■ TASK OBJECTIVE
I'd like the records transcribed exactly, leaving the images out.

Stored data entries
=-=-=-=-=

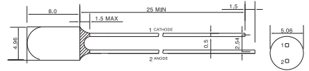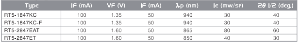 * 5 Ø, 2θ1/2 : 30° , λp: 850 nm , Ie : 40 mW/sr @ 50mA
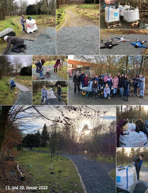 Die Schülerinnen und Schüler der Schulgarten AG erneuerten jüngst die Wege im Schulgarten. Ihr könnt Euch anhand der Fotocollage ein Bild von den Arbeiten machen!
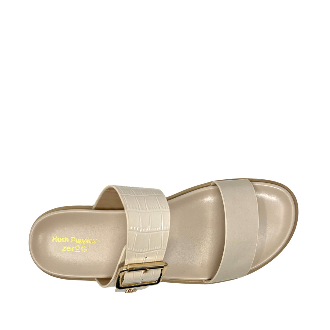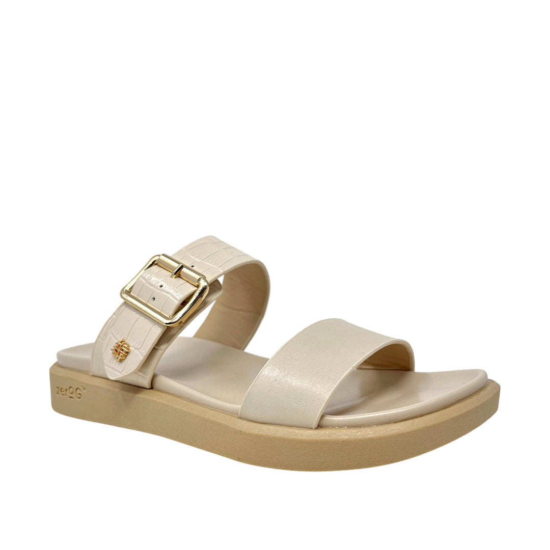 Sandalias flats Valia para mujer color beige, en cuero con Zero G. Suelas ligeras y flexibles, forros suaves y plantilla de látex de alta memoria.
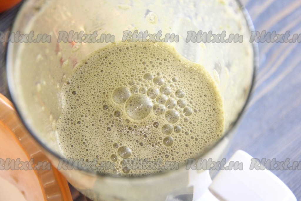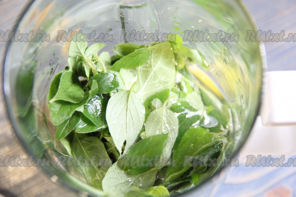 Мяту и 1 яйцо выложить в чашу блендера и измельчить.
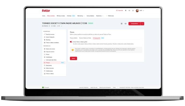 Para viabilizar o modelo, a empresa estabeleceu apenas um critério: o fotógrafo precisa atingir 500 fotos ou vídeos vendidos em um período de 90 dias. Ao cumprir esse requisito, a Entrega Grátis fica disponível para ser ativada em qualquer evento, recente ou antigo.
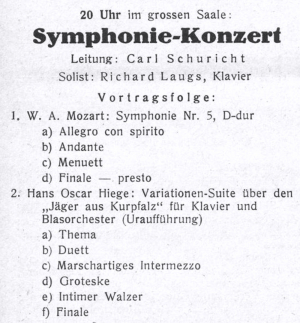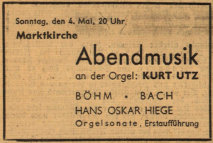 Weniger problematisch waren die nachfolgenden Auftritte, etwa am 11. Jan. 1914, als Hiege als Cellist beim Abonnements-Konzert in der Stadthalle Kronberg zu hören war, oder als er am 25. Jan. 1914 bei einem „Winterfest mit Tanzvergnügen“ in Neuenhain (Gasthof „Zum Nassauer Hof“) den Gesangverein Apollo dirigierte. Nach Ausbruch des Krieges stellte der Musiker seine Dienste in die Fürsorge zugunsten Hinterbliebener und Kriegsversehrter, indem er Konzerte leitete oder als Cellist des Cronberger Streichquartetts (dem u. a. der Violinist Hans Schmidt-Lux angehörte) auftrat (Kronberg 6. Dez. 1914, Konzert vereinigter Chöre; Königstein 22. Juni 1916, Konzert der Regimentskapelle; Kronberg 2. Aug. 1916, Militärkonzert im Frankfurter Hof; Kronberg 29. Sept. 1917, Konzert „zum Besten des Cronberger Erholungsbedürftigenfonds für Kriegsteilnehmer“, hier wirkte Nichte Nanny (7) mit; Bad Homburg 1917, mehrere Gastspiele mit der Kapelle; usw.). Noch während der Kriegszeit eröffnete Hiege in Königstein eine Musikschule (auch: Musik-Institut), in der „Unterricht in allen Instrumenten und Gesang“ erteilt wurde (s. Abb.; weitere Anzeige: Taunus-Zeitung 27. März 1920).
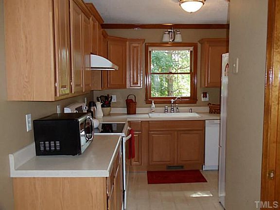 Enjoy the privacy of this 1.62 acre lot in Wake Forest. Three bedroom home is on a large partially wooded lot in Tuckahoe and is convenient to Capital Blvd. Rocking chair front porch, family room w/fireplace,, formal dining room and three upstairs bedrooms. Huge covered deck with skylights overlooks the backyard. Wired storage building/workshop with space for tools and lawn items.
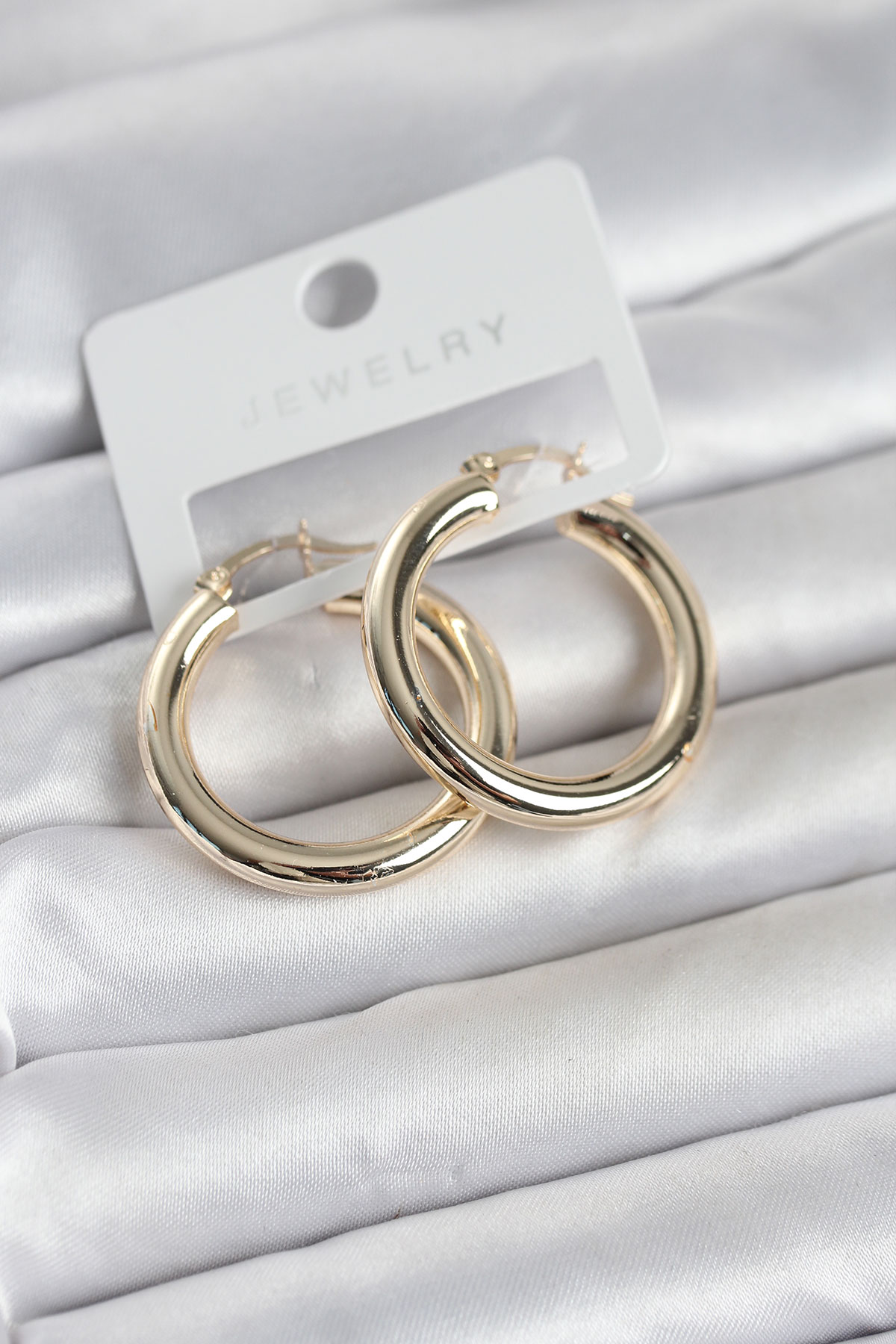 Gold Renk Pirinç Halka 30 mm Kadın Küpe - 268464
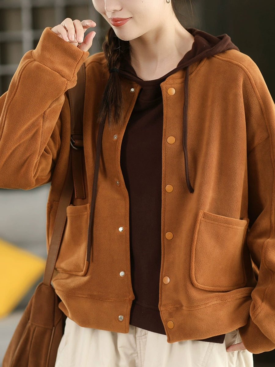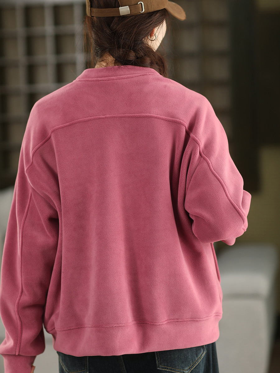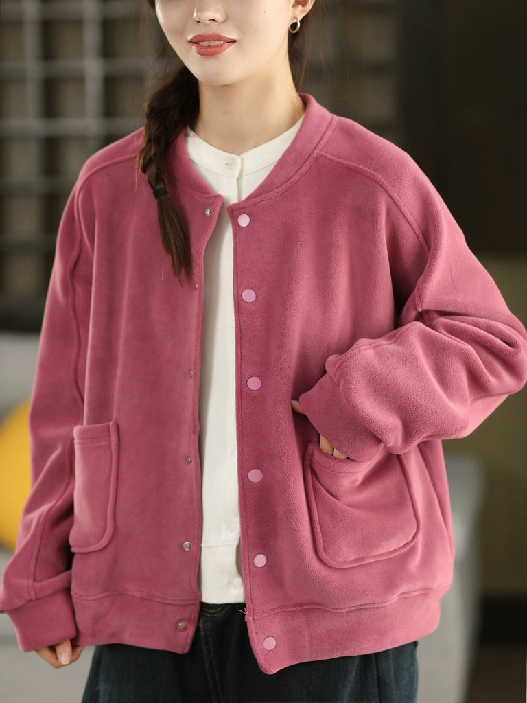 Manteau polaire d'hiver décontracté pour femme, couleur unie, col rond
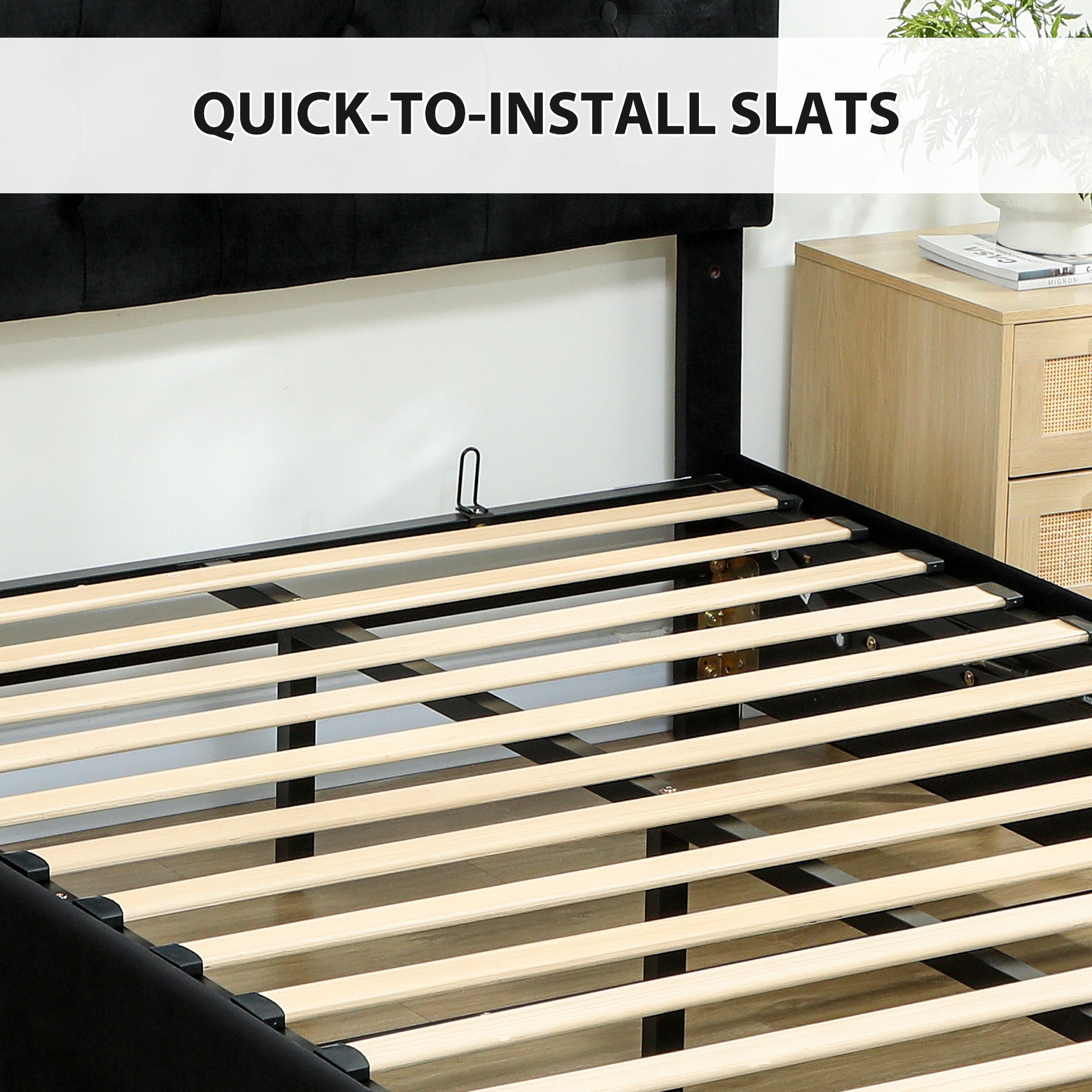- Wooden slats included to hold mattress level and in place
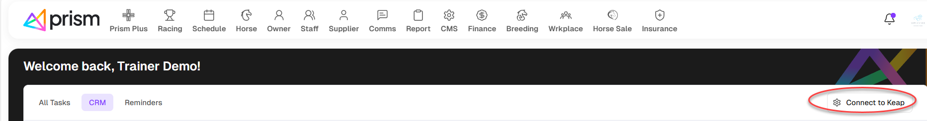 When the you opens Dashboard > CMR, click on button Connect to Keap to sync data to Keap and hook data from Keap to Prism.
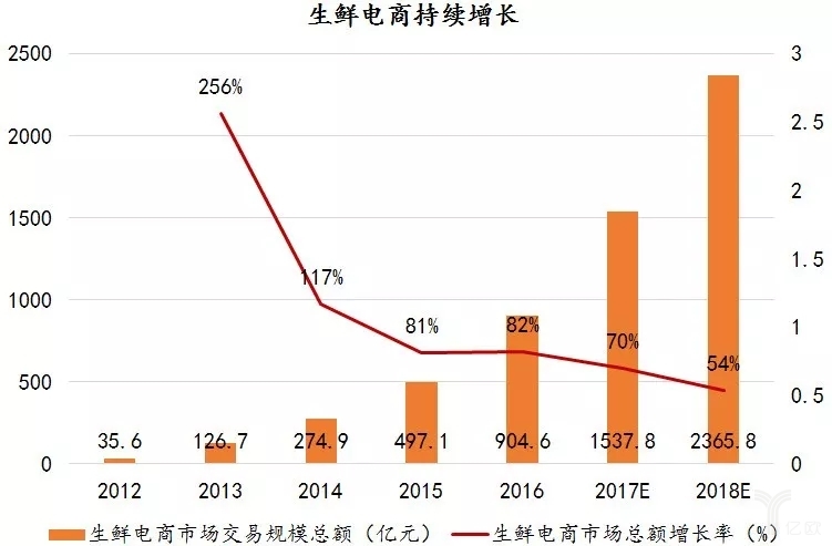 生鮮電商近年備受資本和市場青睞,不斷涌出,生鮮網(wǎng)絡(luò)零售額快速增長。同時,根據(jù)艾瑞咨詢的統(tǒng)計數(shù)據(jù),生鮮電商規(guī)模從2012年的35.6億元,增長到2015年的497.1億元,預計2018年增長到2356.8億元,年復合增長率達到101%。由于生鮮電商產(chǎn)品冷鏈運輸比例遠高于初級農(nóng)產(chǎn)品整體平均水平,這將是帶動總體冷鏈率上升的關(guān)鍵因素,生鮮電商需求也將支撐冷鏈物流市場的增長下限。
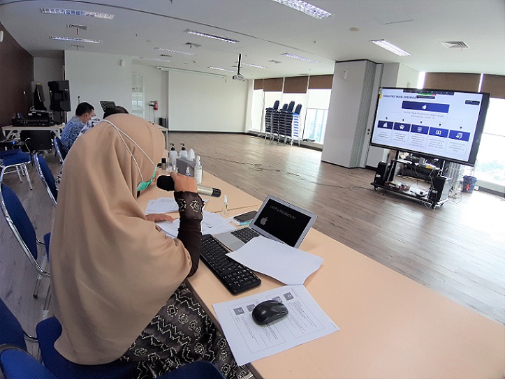 Fanny Elviana selaku pelaksana di Seksi Bimbingan Pelayanan dan Konsultasi memaparkan materi terkait PERPPU Nomor 1 Tahun 2020 tentang Kebijakan Keuangan Negara & Stabilitas Sistem Keuangan untuk Penanganan Pandemi Covid-19 dan/atau dalam rangka Menghadapi Ancaman yang Membahayakan Perekonomian Nasional dan/atau Stabilitas Sistem Keuangan.

=-=-=-=-=

■ ANSWER TO THIS EXERCISE
 * 5 Ø, 2θ1/2 : 30° , λp: 850 nm , Ie : 40 mW/sr @ 50mA
 Die Schülerinnen und Schüler der Schulgarten AG erneuerten jüngst die Wege im Schulgarten. Ihr könnt Euch anhand der Fotocollage ein Bild von den Arbeiten machen!
 Sandalias flats Valia para mujer color beige, en cuero con Zero G. Suelas ligeras y flexibles, forros suaves y plantilla de látex de alta memoria.
 Мяту и 1 яйцо выложить в чашу блендера и измельчить.
 Para viabilizar o modelo, a empresa estabeleceu apenas um critério: o fotógrafo precisa atingir 500 fotos ou vídeos vendidos em um período de 90 dias. Ao cumprir esse requisito, a Entrega Grátis fica disponível para ser ativada em qualquer evento, recente ou antigo.
 Weniger problematisch waren die nachfolgenden Auftritte, etwa am 11. Jan. 1914, als Hiege als Cellist beim Abonnements-Konzert in der Stadthalle Kronberg zu hören war, oder als er am 25. Jan. 1914 bei einem „Winterfest mit Tanzvergnügen“ in Neuenhain (Gasthof „Zum Nassauer Hof“) den Gesangverein Apollo dirigierte. Nach Ausbruch des Krieges stellte der Musiker seine Dienste in die Fürsorge zugunsten Hinterbliebener und Kriegsversehrter, indem er Konzerte leitete oder als Cellist des Cronberger Streichquartetts (dem u. a. der Violinist Hans Schmidt-Lux angehörte) auftrat (Kronberg 6. Dez. 1914, Konzert vereinigter Chöre; Königstein 22. Juni 1916, Konzert der Regimentskapelle; Kronberg 2. Aug. 1916, Militärkonzert im Frankfurter Hof; Kronberg 29. Sept. 1917, Konzert „zum Besten des Cronberger Erholungsbedürftigenfonds für Kriegsteilnehmer“, hier wirkte Nichte Nanny (7) mit; Bad Homburg 1917, mehrere Gastspiele mit der Kapelle; usw.). Noch während der Kriegszeit eröffnete Hiege in Königstein eine Musikschule (auch: Musik-Institut), in der „Unterricht in allen Instrumenten und Gesang“ erteilt wurde (s. Abb.; weitere Anzeige: Taunus-Zeitung 27. März 1920).
 Enjoy the privacy of this 1.62 acre lot in Wake Forest. Three bedroom home is on a large partially wooded lot in Tuckahoe and is convenient to Capital Blvd. Rocking chair front porch, family room w/fireplace,, formal dining room and three upstairs bedrooms. Huge covered deck with skylights overlooks the backyard. Wired storage building/workshop with space for tools and lawn items.
 Gold Renk Pirinç Halka 30 mm Kadın Küpe - 268464
 Manteau polaire d'hiver décontracté pour femme, couleur unie, col rond
- Wooden slats included to hold mattress level and in place
 When the you opens Dashboard > CMR, click on button Connect to Keap to sync data to Keap and hook data from Keap to Prism.
 生鮮電商近年備受資本和市場青睞,不斷涌出,生鮮網(wǎng)絡(luò)零售額快速增長。同時,根據(jù)艾瑞咨詢的統(tǒng)計數(shù)據(jù),生鮮電商規(guī)模從2012年的35.6億元,增長到2015年的497.1億元,預計2018年增長到2356.8億元,年復合增長率達到101%。由于生鮮電商產(chǎn)品冷鏈運輸比例遠高于初級農(nóng)產(chǎn)品整體平均水平,這將是帶動總體冷鏈率上升的關(guān)鍵因素,生鮮電商需求也將支撐冷鏈物流市場的增長下限。
 Fanny Elviana selaku pelaksana di Seksi Bimbingan Pelayanan dan Konsultasi memaparkan materi terkait PERPPU Nomor 1 Tahun 2020 tentang Kebijakan Keuangan Negara & Stabilitas Sistem Keuangan untuk Penanganan Pandemi Covid-19 dan/atau dalam rangka Menghadapi Ancaman yang Membahayakan Perekonomian Nasional dan/atau Stabilitas Sistem Keuangan.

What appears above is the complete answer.